Step 1: Write Your Analysis Code

Because Pachyderm is completely language-agnostic, the code that is used to process data in Pachyderm can be written in any language and can use any libraries of choice. Whether your code is as simple as a bash command or as complicated as a TensorFlow neural network, it needs to be built with all the required dependencies into a container that can run anywhere, including inside of Pachyderm. See Examples.

Your code does not have to import any special Pachyderm functionality or libraries. However, it must meet the following requirements:

  • Read files from a local file system. Pachyderm automatically mounts each input data repository as /pfs/<repo_name> in the running containers of your Docker image. Therefore, the code that you write needs to read input data from this directory, similar to any other file system.

    Because Pachyderm automatically spreads data across parallel containers, your analysis code does not have to deal with data sharding or parallelization. For example, if you have four containers that run your Python code, Pachyderm automatically supplies 1/4 of the input data to /pfs/<repo_name> in each running container. These workload balancing settings can be adjusted as needed through Pachyderm tunable parameters in the pipeline specification.

  • Write files into a local file system, such as saving results. Your code must write to the /pfs/out directory that Pachyderm mounts in all of your running containers. Similar to reading data, your code does not have to manage parallelization or sharding.

Step 2: Build Your Docker Image

When you create a Pachyderm pipeline, you need to specify a Docker image that includes the code or binary that you want to run. Therefore, every time you modify your code, you need to build a new Docker image, push it to your image registry, and update the image tag in the pipeline spec. This section describes one way of building Docker images, but if you have your own routine, feel free to apply it.

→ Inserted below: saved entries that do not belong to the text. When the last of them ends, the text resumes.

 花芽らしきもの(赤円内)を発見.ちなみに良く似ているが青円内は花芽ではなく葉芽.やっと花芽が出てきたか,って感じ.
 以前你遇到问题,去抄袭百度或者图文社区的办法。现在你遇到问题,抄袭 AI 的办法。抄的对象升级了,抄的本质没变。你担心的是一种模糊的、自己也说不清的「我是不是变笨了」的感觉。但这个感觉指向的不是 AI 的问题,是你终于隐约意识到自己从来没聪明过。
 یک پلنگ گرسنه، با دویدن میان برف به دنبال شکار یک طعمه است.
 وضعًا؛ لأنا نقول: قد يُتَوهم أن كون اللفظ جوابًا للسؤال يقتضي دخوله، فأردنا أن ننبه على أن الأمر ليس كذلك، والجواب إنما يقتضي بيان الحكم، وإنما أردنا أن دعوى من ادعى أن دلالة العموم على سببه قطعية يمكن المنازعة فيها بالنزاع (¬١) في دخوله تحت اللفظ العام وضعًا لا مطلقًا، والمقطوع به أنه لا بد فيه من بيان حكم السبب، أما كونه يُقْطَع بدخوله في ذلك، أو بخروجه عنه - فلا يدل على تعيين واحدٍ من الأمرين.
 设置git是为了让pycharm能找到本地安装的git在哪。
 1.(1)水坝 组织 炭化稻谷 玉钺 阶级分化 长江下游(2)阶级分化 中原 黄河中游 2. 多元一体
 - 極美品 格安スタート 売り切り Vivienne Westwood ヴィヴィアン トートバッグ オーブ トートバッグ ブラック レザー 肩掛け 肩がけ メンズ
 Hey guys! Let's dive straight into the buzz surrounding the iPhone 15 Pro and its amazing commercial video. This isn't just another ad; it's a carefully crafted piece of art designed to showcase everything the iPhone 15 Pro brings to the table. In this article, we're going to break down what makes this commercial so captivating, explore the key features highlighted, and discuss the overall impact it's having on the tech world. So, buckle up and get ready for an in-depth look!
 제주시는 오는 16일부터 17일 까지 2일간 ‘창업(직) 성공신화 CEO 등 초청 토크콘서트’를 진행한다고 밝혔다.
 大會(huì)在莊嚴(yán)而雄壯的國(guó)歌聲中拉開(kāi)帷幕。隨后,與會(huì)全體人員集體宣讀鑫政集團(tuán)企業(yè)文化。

To build an image, you need to create a Dockerfile. However, do not use the CMD field in your Dockerfile to specify the commands that you want to run. Instead, you add them in the cmd field in your pipeline specification. Pachyderm runs these commands inside the container during the job execution rather than relying on Docker to run them. The reason is that Pachyderm cannot execute your code immediately when your container starts, so it runs a shim process in your container instead, and then, it calls your pipeline specification’s cmd from there.

Note
The Dockerfile example below is provided for your reference only. Your Dockerfile might look completely different.

To build a Docker image, complete the following steps:

  1. If you do not have a registry, create one with a preferred provider. If you decide to use DockerHub, follow the Docker Hub Quickstart to create a repository for your project.

  2. Create a Dockerfile for your project. See the OpenCV example.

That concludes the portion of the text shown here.